Please tell me you aren't serious! I know this is going to sound like one of those hackneyed anti-drug ads, but doing any of this stuff and talking about doing it when there may be ****ing cops browsing forums who can find your ip address is just ****ing dumb! I'm not calling you dumb, but you need to do some re-thinking. Suppose you have a bad trip and wind-up killing yourself in the process? I don't think whether your listening to *Pink Floyd, Led Zepplin* or *N'Sync* is really going to matter a whole lot. Drugs are no good, pal. My advice is not to do them to begin with. Kick the habit before it even begins. :xbones:


----------



## Non Compos Mentis (Apr 14, 2004)

She must of took a lot. The person I know, said that he took too much once and freaked out. I'm only trying a small dose.


----------



## Lilith (Apr 13, 2004)

She took about a half not even. My advice don't. As much as people like to say it will not harm you it does. Life is for living and you have to respect your body. I have smoked weed and most say it was not worth my time or energy.

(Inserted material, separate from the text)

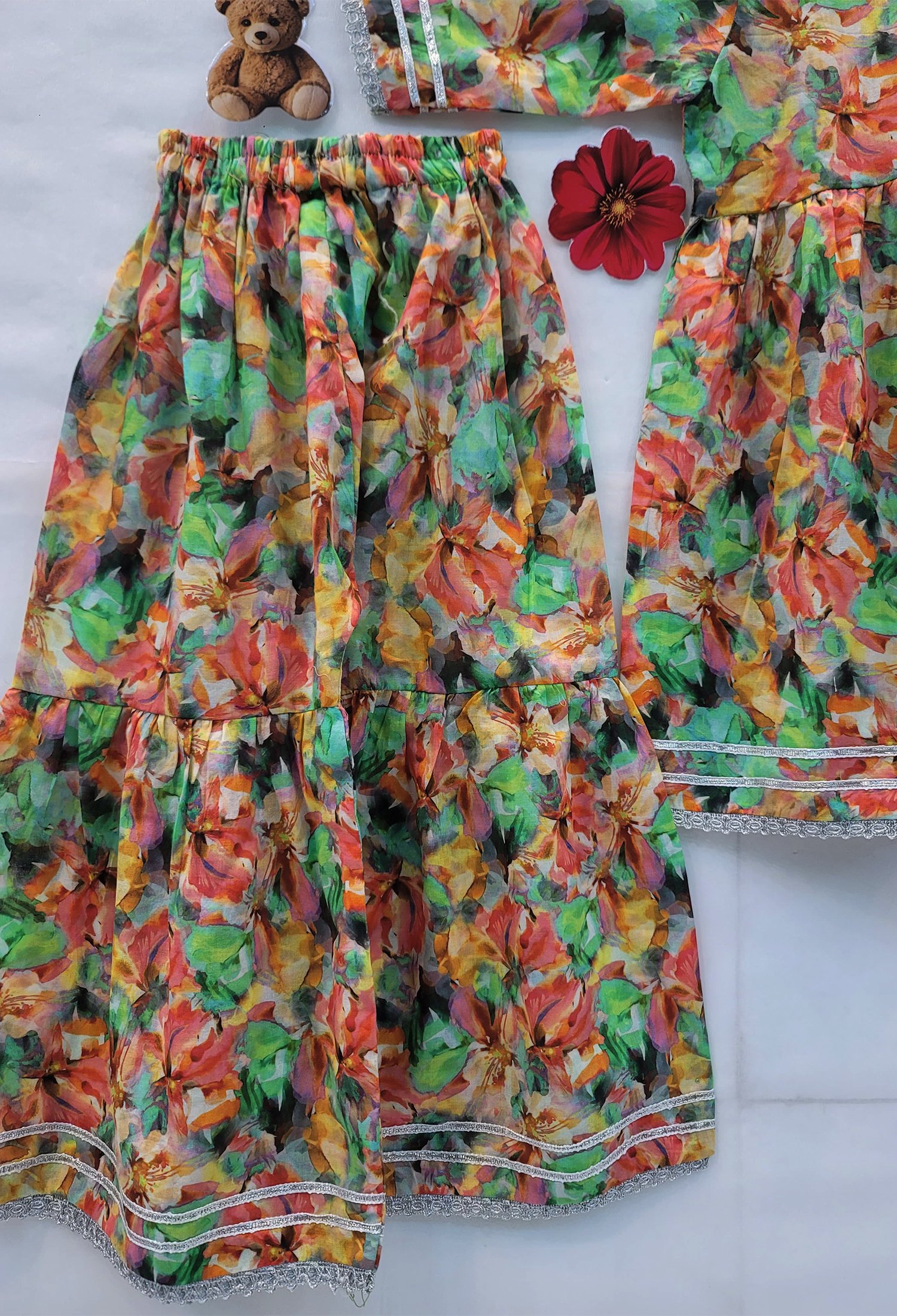 Multicolor Gharara Silver Lace Kids

Drugs only lead to other drugs and so on.


----------



## Sinister (Apr 18, 2004)

A little, a whole lot doesn't matter. You might just start with a small amount, but once your brain turns to petroleum jelly someone can offer you more, and thinking you can handle it, you take it. Thats all I'm going to say on the subject. Take my advice if you wish, if not its been nice posting with you if your trip doesn't go the way you planned.


----------



## Non Compos Mentis (Apr 14, 2004)

The "keyword" is might. I haven't decided on doing this yet.


----------



## Lilith (Apr 13, 2004)

My advice is don't. Don't even think about it either. It is not worth the trip. But if you do do it and something happens you should have someone their who is "sober" enough to contact help.


----------



## dougspaulding (May 22, 2004)

Lilith and Sinister make good sense. But, if you insist give "Charlie and the Chocolate Factory" a whirl. I think Johnny Depp might have been 'shroomin' it whilst in production - his Wonka is one bizarre character!

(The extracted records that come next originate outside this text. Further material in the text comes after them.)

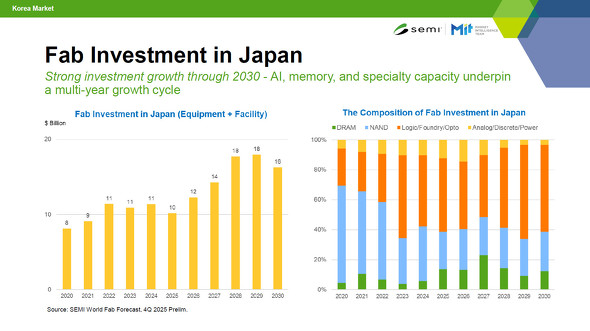 日本においては、装置や工場を含めたファブ投資が2026年から拡大し、2029年には180億ドルに上ると予想する。ロジック関連投資の割合が高まる一方で、アナログ/パワー半導体への投資は減少を見込む。「パワー半導体における中国との競争および300mmウエハーへの移行が要因となる」。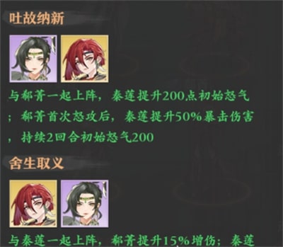 可以被分为九宫和宁战。他们分别拥有减少敌人伤害和怒气的能力,而且还能够提供一定程度的范围伤害效果。这种双重作用既在抵御伤害方面,又在输出方面为队伍提供了一定的支援。此外,郗菁和秦莲的配合更是可以施展出大量的暴击输出能力,以更高的效益为队伍作出贡献。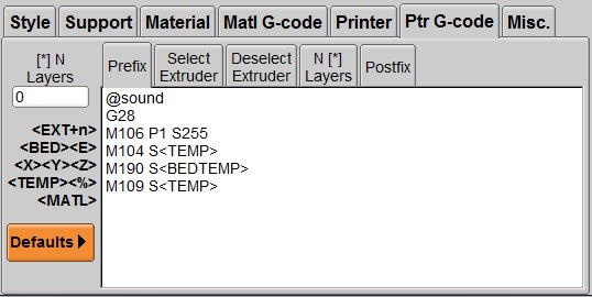 Here is where I placed it in KISSlicer to automatically turn on my PEEK fan which I have wired to the FAN 0 port: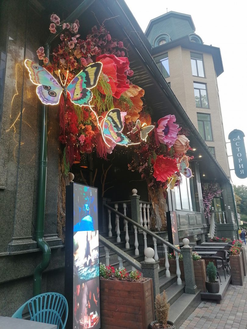 Живые бабочки в ресторане, и оформлен красиво вход в той же тематике. Вечером смотрится волшебно

Hey, Floyd and the Dead are great!


----------



## lipstikgrl (May 14, 2005)

not something i ever thought about doing so i am not sure waht to suggest


----------



## Pete (Apr 13, 2004)

I've eaten shrooms a bunch of times with no ill effects. You just gotta learn what sensations you're comfortable with. You can definitely have a bad time of it if you eat too many, so if you must do it, take it really slow. Also, they take some time to kick in (ingestion is a very slow way to reach a high), so wait an hour after you eat them before eating more. You'll know when you've eaten enough.

Music is music and it's not going to have some ethereal effect on you just because you popped a few caps. Mushrooms are much more visual. Just steer clear of movies with really heavy or scary content. I made the mistake of watching "The Devil's Advocate" my first time, and I wasn't ready for it. But it's different for everyone.

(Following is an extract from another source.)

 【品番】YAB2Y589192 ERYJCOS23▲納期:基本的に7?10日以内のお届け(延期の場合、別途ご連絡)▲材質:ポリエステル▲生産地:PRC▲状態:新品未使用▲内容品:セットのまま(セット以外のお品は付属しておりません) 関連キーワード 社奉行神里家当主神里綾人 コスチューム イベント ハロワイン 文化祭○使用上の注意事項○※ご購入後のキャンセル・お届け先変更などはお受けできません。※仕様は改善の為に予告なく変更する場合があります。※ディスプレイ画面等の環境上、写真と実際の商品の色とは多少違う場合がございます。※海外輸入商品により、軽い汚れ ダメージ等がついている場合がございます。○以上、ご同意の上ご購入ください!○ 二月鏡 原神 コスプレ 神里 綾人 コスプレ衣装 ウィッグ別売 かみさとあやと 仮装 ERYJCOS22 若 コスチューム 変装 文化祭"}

Take it slow, take it easy, and don't take it alone. Or don't. It's your call.


----------



## SuFiKitten77 (Jul 19, 2005)

I've never been someone into drugs .. except the ones perscribed by my Doctor, but I wouldn't recommend it to anyone .. that from seeing things that can happen when you do. But, it all comes down to what you choose ultimatly .. kinda surprised you asked .. it's your decision.


----------



## Lilith (Apr 13, 2004)

Pete said:


> I've eaten shrooms a bunch of times with no ill effects. You just gotta learn what sensations you're comfortable with. You can definitely have a bad time of it if you eat too many, so if you must do it, take it really slow. Also, they take some time to kick in (ingestion is a very slow way to reach a high), so wait an hour after you eat them before eating more. You'll know when you've eaten enough.
> 
> Music is music and it's not going to have some ethereal effect on you just because you popped a few caps. Mushrooms are much more visual. Just steer clear of movies with really heavy or scary content. I made the mistake of watching "The Devil's Advocate" my first time, and I wasn't ready for it. But it's different for everyone.
> 
> Take it slow, take it easy, and don't take it alone. Or don't. It's your call.


Well why take them? What is the purpose of risking your life when you don't have to? I have seen many people take them and then they come out of it acting like idiots. I guess it depends on the person but even so I will never risk my life with drugs again.


----------



## Pete (Apr 13, 2004)

Some people take them to escape reality, others take them in the hopes of feeling something akin to a religious experience (much like Native Americans with their peyote). Whatever the reason, it's not for me to judge.

Congratulations on choosing never to do drugs again. For some people, that's the right path. For others, it may not be.


----------



## krypt (Oct 25, 2005)

i guess he had a bad trip.............i hope not though .......lil worried now


----------



## strange1 (Mar 12, 2006)

Everyone's metabolism is different, one thing might be fine for one person and lethal for another. 
I have a perscription for vicodin, if I take a whole tablet it will put me to sleep and that is what a lot of people tell me happens to them.
But my wife can take a whole one and it doesn't phase her in any way. 
On the other hand, I usually take 1/2 half a tablet of vicodin and sometimes it makes me hyper.

I've seen people tell their friends *"go ahead and try it, it won't hurt you"* and then when they get unexpected results the people will say *"you must have done something wrong"*.
Friends like that I don't need. 
I don't believe in telling anyone how to live their life, but I would be real cautious with what I put into my body, you never know what will happen.

OK, Preach time is over.


----------



## krypt (Oct 25, 2005)

strange1 i wasnt promoting or endorsing drugs ... i dont do drugs i was just saying ....havent heard from him in awhile ...i hope nothing bad happened


----------



## strange1 (Mar 12, 2006)

Sorry kryptonoff, it wasn't directed at you.

Didn't mean to offend anyone, you have my sincerest appologizies. 

I was just giving my opinion on drugs, I neither endorse or promote drugs either.

Again my appologizies.


----------



## Zombie-F (Apr 12, 2004)

He's fine... trust me.

And on that note, I'll be closing this thread before it gets out of hand.


----------